I had an interesting experience this week. It all began when I read a post on the New York Times Caucus blog that reported that more than six million questions had been submitted online for Tuesday night's presidential "town hall" in Nashville. Hmm, I said to myself, that sounds fishy. I knew enough to know that MyDebates.org was the official online partner of the Commission on Presidential Debates (CPD) and that the public's ability to send in questions for the debate through MyDebates had barely been publicized. So the idea that six million questions had somehow been submitted rang false. But that New York Times post had no external links and no named sources for that nugget of information.
So I did some digging, and it turned out that indeed the number was bunk.

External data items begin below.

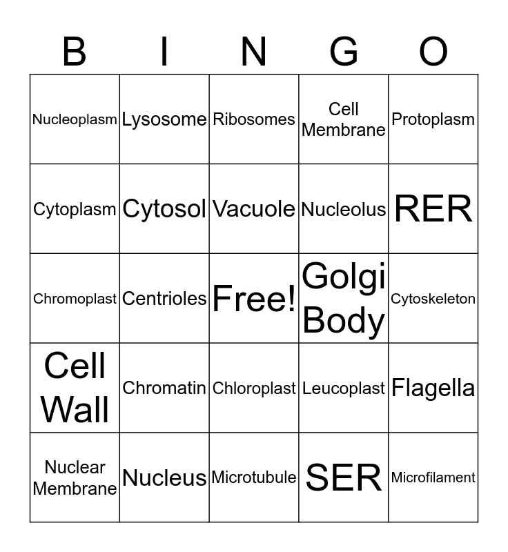 This bingo card has a free space and 24 words: Chromatin, Nucleus, Vacuole, Nuclear Membrane, Protoplasm, Nucleoplasm, Cytoplasm, Lysosome, Golgi Body, Chloroplast, Nucleolus, Chromoplast, Leucoplast, Flagella, Cytosol, SER, Cytoskeleton, Ribosomes, RER, Centrioles, Microfilament, Cell Wall, Cell Membrane and Microtubule.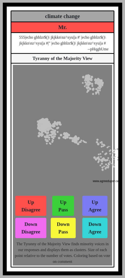 The Tyranny of the Majority View finds minority voices in our responses and displays them as clusters. Size of each point relative to the number of votes. Coloring based on vote on comment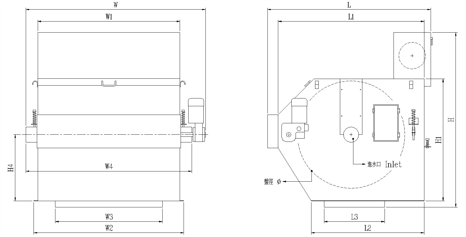 | Model | L/Min* | L | W | H | L1 | W1 | H1 | L2 | W2 | L3 | W3 | W4 | H4 | Inlet | (ψ) | (mm) | (HP) | The machine models which are suitable to install this magnet filter | |||||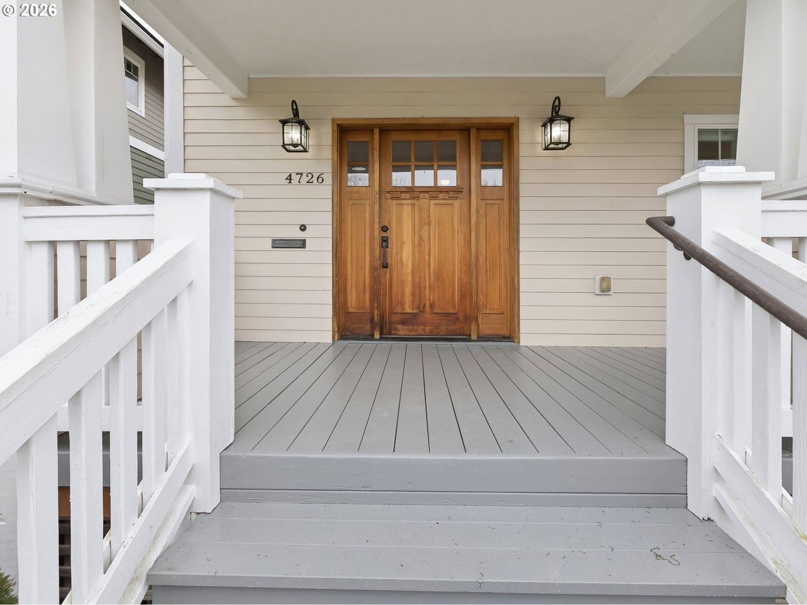 Built in 2007 with timeless character, this exceptional home was designed to look and live like a classic Foursquare, but with the comfort, layout, and efficiency of newer construction. The quality of construction, smart floor plan, and refined finish details truly set it apart. A wonderfully wide & gracious main floor, rare for homes inspired by this era, creates an inviting, open feel perfect for everyday living and entertaining. Real, solid hardwood floors run throughout the first & second levels, complemented by fresh interior paint. Upstairs offers comfortable bedrooms & classic proportions, while the finished basement with impressive 9-foot ceilings provides fantastic bonus space for media, guests, or hobbies. Enjoy quiet mornings on the charming front porch swing, or unwind in the private, fenced backyard with deck, ideal for dining and summer BBQs. A detached garage adds convenience and flexibility. All this just 1.5 blocks from the vibrant shops and restaurants of the Alberta Arts District, close enough to enjoy the energy, yet tucked away on a peaceful street. A rare blend of classic style and modern comfort. [Home Energy Score = 9. HES Report at https://rpt.greenbuildingregistry.com/hes/OR10243735]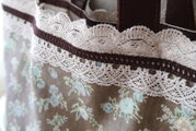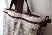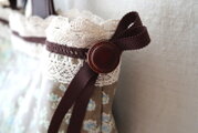 こっくりとした秋らしいマロン色の生地に、リネンのレース2種類と、ダークブラウンのはしごレースをあわせました。また、バッグサイドにはグログランリボンと、しっとりとした風合いの可愛らしい革のボタンをつけてアクセントに。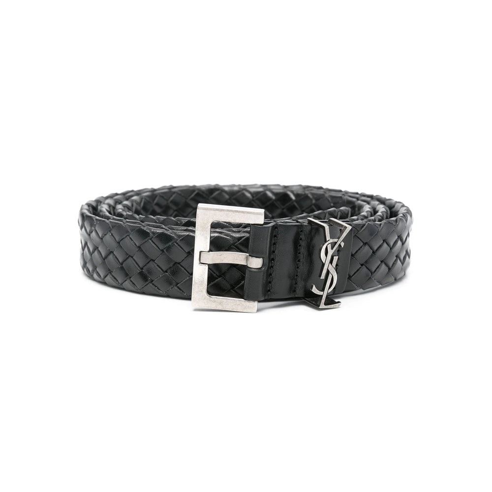 black calf leather interwoven design pointed tip signature Cassandre logo plaque adjustable fit silver-tone pin-buckle fastening

The six million was a casual reference at a social lunch event in Nashville that mistakenly ended up in in a Gray Lady blog post. Frank Fahrenkopf, the co-chair of the CPD, told me that he had been the source for that six million figure, saying that he picked it up from Mark Whitaker, the NBC News Washington bureau chief (who replaced Tim Russert after Russert's death). Whitaker in turn told me that the six million actually referred to every bit of communication the network got in reference to Tuesday night's debate -- not by any means, the number of actual questions that came in online, which actually turned out to number just over 25,000, about 1/240th of what was reported. Whitaker called the figure "misinterpreted and misused."
I posted on the "six million questions question" on techPresident on Wednesday afternoon, and then updated it on Thursday and Friday as I learned more. (In retrospect, it would have been good practice for me to date and timestamp those updates.) The New York Times ended up posting a "clarification."
Meanwhile, though, this bogus nugget of information was busy spreading across the world. Many publications cited "six million questions were asked online" as fact, all, it seems, because it was in a New York Times blog post. The imprimatur of the Times goes a long way, and there's the presumption that if it runs under the Times' masthead, it's true. In the pieces that picked up the six million reference, often no source was given and rarely was it linked to the original source. That wildly incorrect figure ended up being quoted everywhere from the LA Times to the Boston Globe to Australia's the Age to Grist to the Winnipeg Free Press, just to pick on just a few news outlets. Some places have since corrected it. Many others haven't.
Bloggers, of course, link stuff. It's what we do, and it's looking like an awfully good practice right now. Every reporter and writer gets things wrong, of course, but linking to sources can help minimize the damage. With no links back to the original source in those derivative pieces, the Times' "clarification" didn't help even the most careful reader all that much.
For more on the six million question questions, the Columbia Journalism Review's Megan McGinley and Armin Rosen covered the story on Friday afternoon.
UPDATE: The New York Times' Brian Stelter suggests that linking is going mainstream, writing that "[e]mbracing the hyperlink ethos of the Web to a degree not seen before, news organizations are becoming more comfortable linking to competitors." What Brian describes are mostly content-sharing arrangement and aggregator projects, but they're nonetheless a step forward. "For bloggers," he writes, "linking to original reporting, primary sources and discussions about stories is a form of etiquette, assigning credit to others who have written about a topic." Indeed.